In this section, Garage is prepared as an S3-compatible storage backend for Proxmox Backup Server. These steps are only required if Garage has not been initialized before.

First, the current state of the Garage node is verified and the storage layout is applied so the node is ready to accept data.

Initialize Garage Node

Initializing of Garage is mentioned to deliver a fully comprehensive guide. If your instance is already running, do NOT perform those tasks.


./garage status
./garage layout assign -z dc1 -c 1G 27120d333af0da3c
./garage layout apply --version 1

Create S3 Bucket in Garage for PBS

Once Garage is initialized, an S3 bucket for Proxmox Backup Server is created along with a dedicated access key. The required permissions are granted so the key has full access to the bucket.

Important: Note down the secret key, as it will not be shown again.


./garage bucket create gyptazy-pbs
./garage key create gyptazy-pbs-app-key
./garage bucket allow --read --write --owner gyptazy-pbs --key gyptazy-pbs-app-key

At this point, the S3 bucket and credentials are ready to be used in Proxmox Backup Server.

Nginx Webserver

Create SSL Certificate

To securely expose the Garage S3 endpoint over HTTPS, nginx is used as a reverse proxy. For testing purposes, a self-signed certificate is sufficient.


openssl req -x509 -nodes -days 3650 -newkey rsa:4096 -keyout /etc/ssl/private/garage.gyptazy.com.key -out /etc/ssl/certs/garage.gyptazy.com.crt -subj "/CN=garage.gyptazy.com"

Create VHost Configuration

After creating the certificate, nginx can be configured to forward HTTPS traffic to the Garage backend.


server {
  listen 443 ssl http2;
  server_name garage.gyptazy.com;
  ssl_certificate /etc/ssl/certs/garage.gyptazy.com.crt;
  ssl_certificate_key /etc/ssl/private/garage.gyptazy.com.key;
  location / {
    proxy_pass http://127.0.0.1:9000;
  }
}

After enabling the virtual host and verifying DNS resolution, the Garage S3 endpoint is ready for use.

Proxmox Backup Server

With all components in place, the Proxmox Backup Server can now be configured. This requires Proxmox Backup Server version 4.x or newer.

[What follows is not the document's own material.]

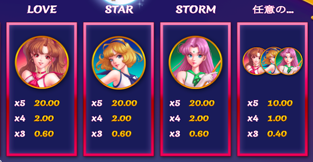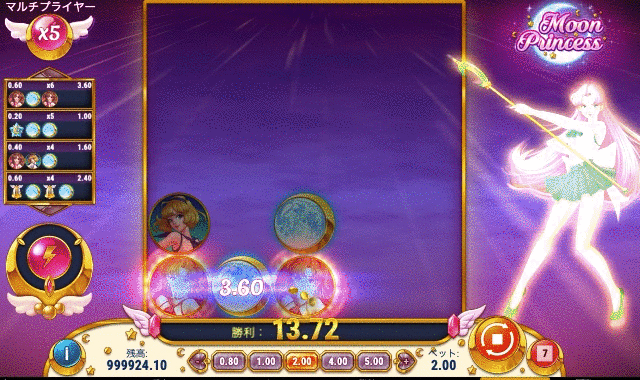 - ムーンプリンセス(Moon Princess)は3人の美少女戦士が配当成立のサポートをしてくれる

Get Fingerprint of SSL Certificate

When using a self-signed certificate, Proxmox Backup Server requires the SHA-256 fingerprint of the certificate to establish trust.

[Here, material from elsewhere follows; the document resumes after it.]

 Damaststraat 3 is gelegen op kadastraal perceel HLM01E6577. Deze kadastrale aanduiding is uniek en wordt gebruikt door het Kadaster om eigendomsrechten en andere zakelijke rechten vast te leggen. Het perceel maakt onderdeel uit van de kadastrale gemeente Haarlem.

openssl s_client -connect garage.gyptazy.com:443 -servername garage.gyptazy.com </dev/null | openssl x509 -noout -fingerprint -sha256

Copy the displayed fingerprint exactly as shown.

PBS Web UI

In the Proxmox Backup Server web interface, navigate to Configuration, add a new S3 endpoint, and enter the hostname, access key, secret key, and fingerprint.

Proxmox Backup Server 4 and Garage as a self-hosted S3 storage endpoint
Proxmox Backup Server 4 with Garage as a self-hosted S3 endpoint.

Afterwards, create a new datastore of type S3 and select the created bucket.

Proxmox Backup Server 4 using self-hosted S3 storage with Garage as a S3 datastore
Proxmox Backup Server 4 with Garage as a self-hosted S3 endpoint.

Adding S3 storage to your Proxmox Backup Server via the Web-UI is only one way, but can also fully be done on the cli or even in an automated way.

PBS CLI

Alternatively, the S3 endpoint and datastore can be configured via the command line.


proxmox-backup-manager s3 endpoint create garage.gyptazy.com-pbs --endpoint garage.gyptazy.com --access-key ACCESSKEY --secret-key SECRETKEY --region garage
proxmox-backup-manager datastore create gyptazy-pbs --type s3 --s3-endpoint garage.gyptazy.com-pbs --s3-bucket gyptazy-pbs

After successful validation, the datastore is ready for use.

Summary

With S3-backed datastores in Proxmox Backup Server 4, backup architectures become far more flexible and future-proof. By combining PBS with self-hosted S3-compatible storage like Garage, backups are fully decoupled from local disks. This makes it possible to run Proxmox Backup Server completely diskless using S3-compatible object storage. This guide covered preparing object storage, exposing it securely via nginx, and integrating it into Proxmox Backup Server using both GUI and CLI. The result is a scalable, vendor-independent backup solution that leverages open standards and the strengths of the open-source ecosystem.